▶ **TASK INSTRUCTIONS**: Print every line of the material below exactly as it stands, but omit the pictures.

▶ **DATA EXCERPT**:
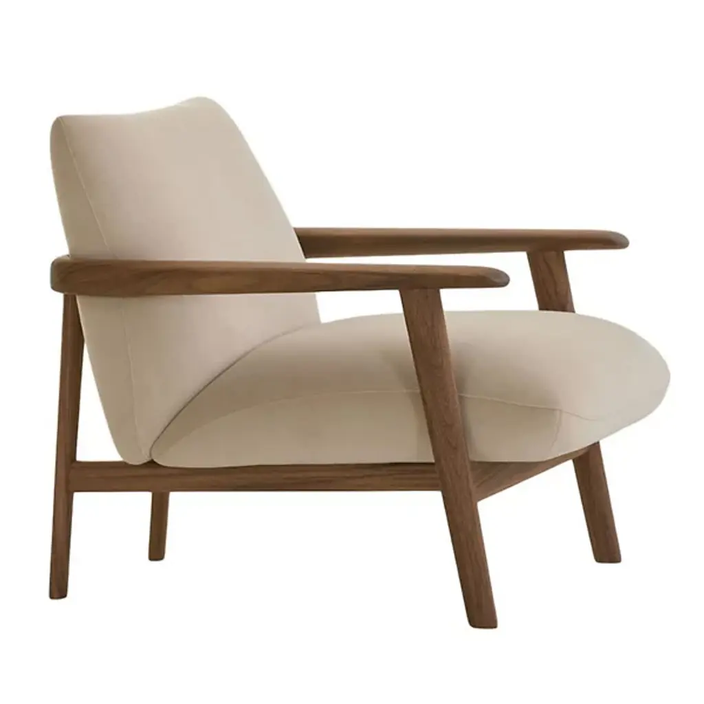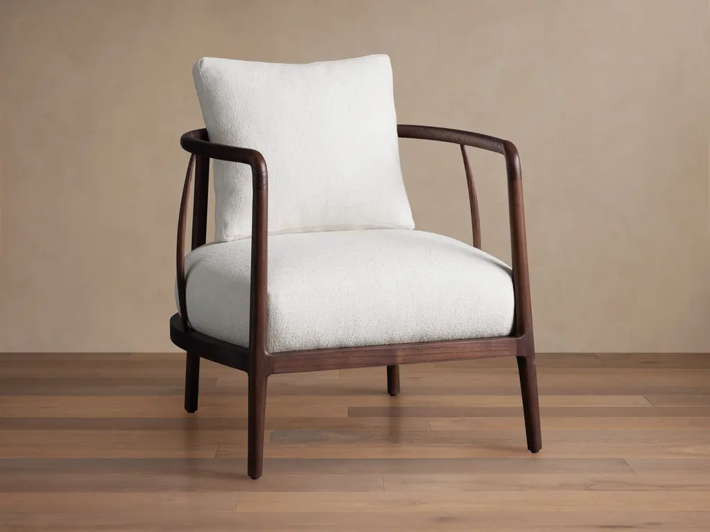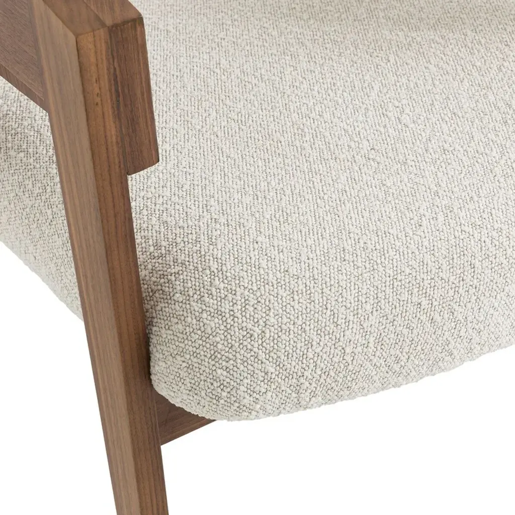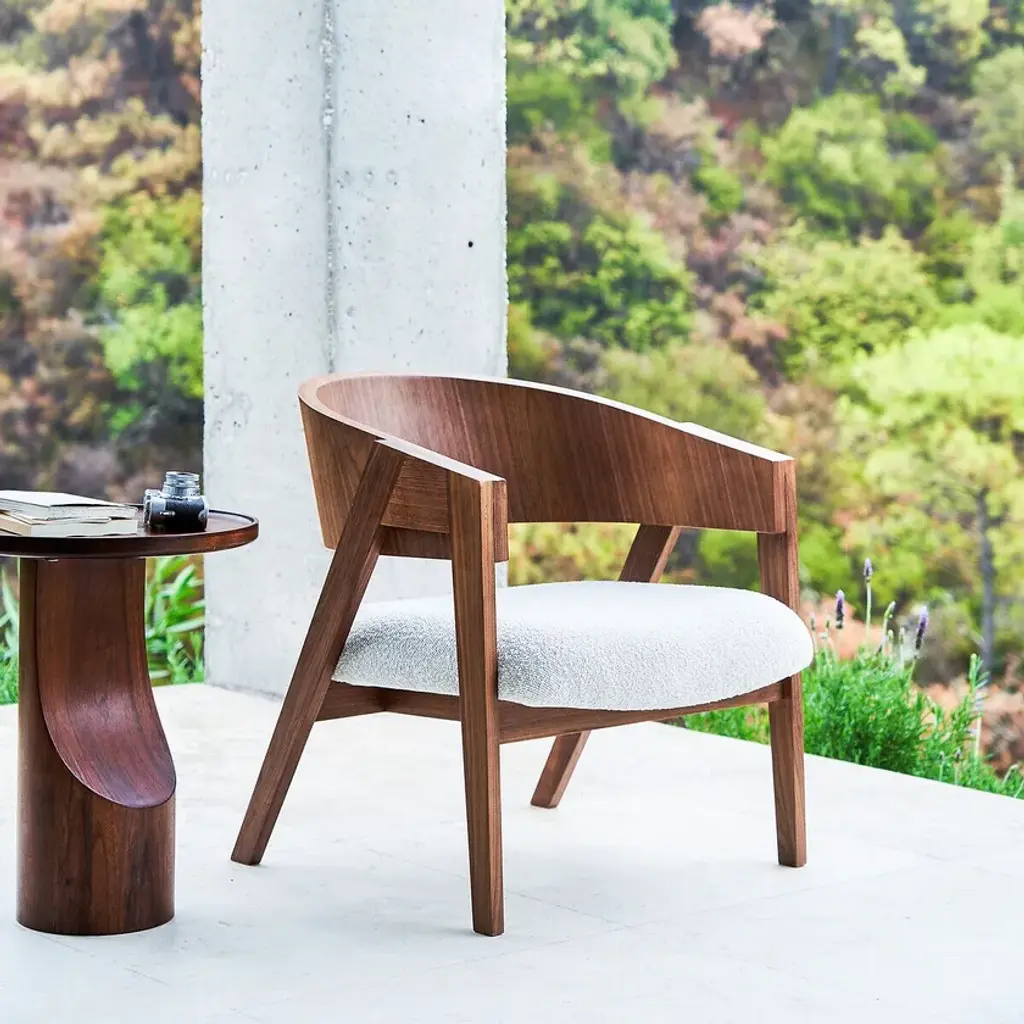 With its modernist elegance which is a sign of the times, its inverted V shape and its curved line, the Charly armchair offers a welcoming and comfortable seat. AMPM signature.Seat comfort: FirmBackrest comfort: FirmSitting: StillCovering in 100% polyester sponge fabric, ecru colourStructure in solid walnut with nitrocellulose finishBackrest in walnut veneered plywood with nitrocellulose finishSeat: plywood covered with 30 kg/m3 polyurethane foam
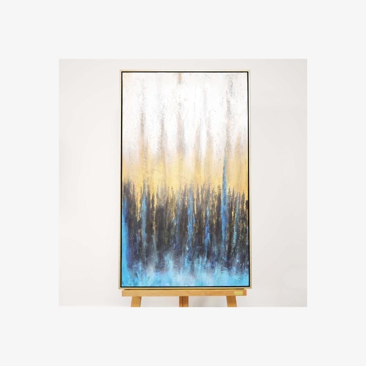 This piece, the forest abstract canvas with its gold frame, is a versatile artwork that brings a contemporary touch to various interiors. I love how the gold frame adds a hint of luxury while the abstract design offers visual interest without overwhelming the space. It’s particularly effective in modern, minimalist, or Scandinavian-style settings, where its subtle colour palette can complement neutral tones and natural textures. For styling, consider placing it above a console table or in a living area where it can act as a focal point. Pair it with other understated décor or metallic accents to create a cohesive look, and ensure it’s hung at eye level for maximum impact. Its size makes it adaptable for both larger walls and more intimate spaces.
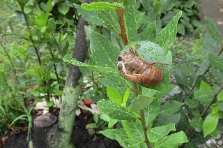 小さな蕾が付いた木槿を挿していたら白く膨らんできました、ギャラリー裏庭では空蝉が、

▶ **SOLUTION TO THE PROBLEM**:
 With its modernist elegance which is a sign of the times, its inverted V shape and its curved line, the Charly armchair offers a welcoming and comfortable seat. AMPM signature.Seat comfort: FirmBackrest comfort: FirmSitting: StillCovering in 100% polyester sponge fabric, ecru colourStructure in solid walnut with nitrocellulose finishBackrest in walnut veneered plywood with nitrocellulose finishSeat: plywood covered with 30 kg/m3 polyurethane foam
 This piece, the forest abstract canvas with its gold frame, is a versatile artwork that brings a contemporary touch to various interiors. I love how the gold frame adds a hint of luxury while the abstract design offers visual interest without overwhelming the space. It’s particularly effective in modern, minimalist, or Scandinavian-style settings, where its subtle colour palette can complement neutral tones and natural textures. For styling, consider placing it above a console table or in a living area where it can act as a focal point. Pair it with other understated décor or metallic accents to create a cohesive look, and ensure it’s hung at eye level for maximum impact. Its size makes it adaptable for both larger walls and more intimate spaces.
 小さな蕾が付いた木槿を挿していたら白く膨らんできました、ギャラリー裏庭では空蝉が、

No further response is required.